» Required action:
Take the entries below and print, exactly, the stretch from the line containing "pastel fondant cake" through the line containing "Boots are the", both included.

» Dataset records:
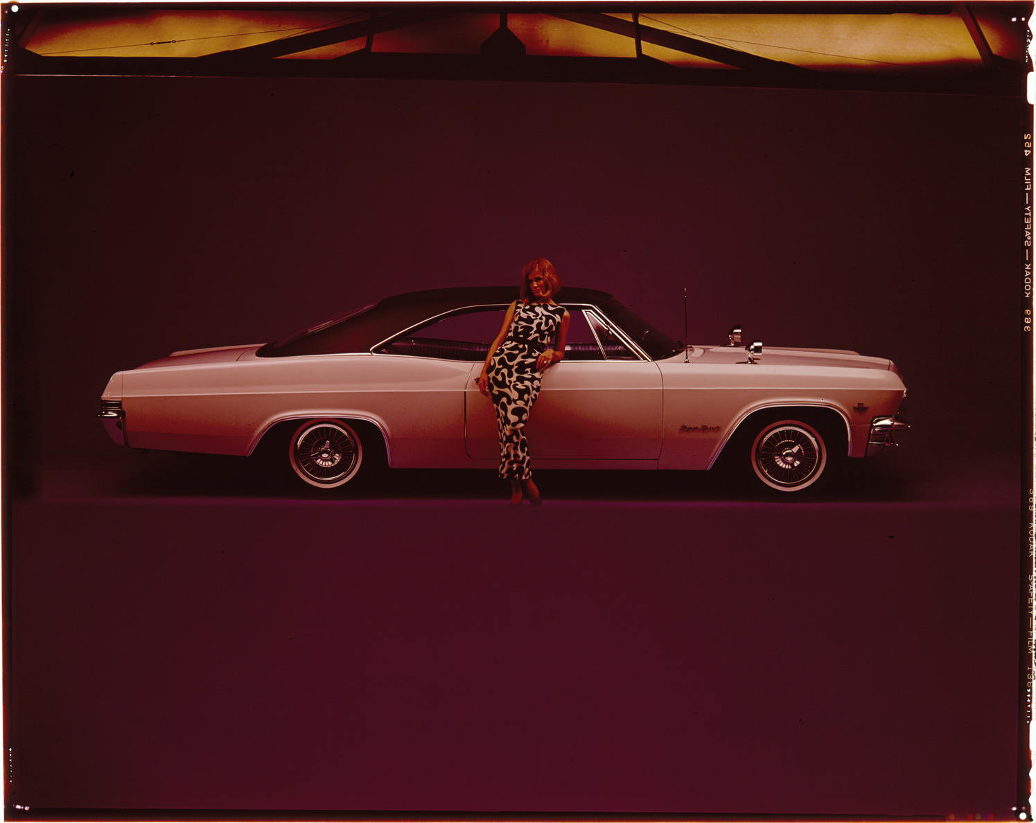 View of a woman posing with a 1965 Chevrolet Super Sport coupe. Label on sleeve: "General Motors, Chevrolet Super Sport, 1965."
* * *
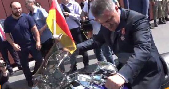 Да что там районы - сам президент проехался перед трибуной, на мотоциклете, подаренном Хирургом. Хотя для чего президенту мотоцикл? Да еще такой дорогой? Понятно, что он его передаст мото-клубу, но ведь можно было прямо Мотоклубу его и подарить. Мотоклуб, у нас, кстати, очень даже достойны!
---
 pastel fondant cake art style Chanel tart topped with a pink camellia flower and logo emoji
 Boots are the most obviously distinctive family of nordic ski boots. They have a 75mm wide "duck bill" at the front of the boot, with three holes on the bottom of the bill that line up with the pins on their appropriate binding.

» Task answer:
 pastel fondant cake art style Chanel tart topped with a pink camellia flower and logo emoji
 Boots are the most obviously distinctive family of nordic ski boots. They have a 75mm wide "duck bill" at the front of the boot, with three holes on the bottom of the bill that line up with the pins on their appropriate binding.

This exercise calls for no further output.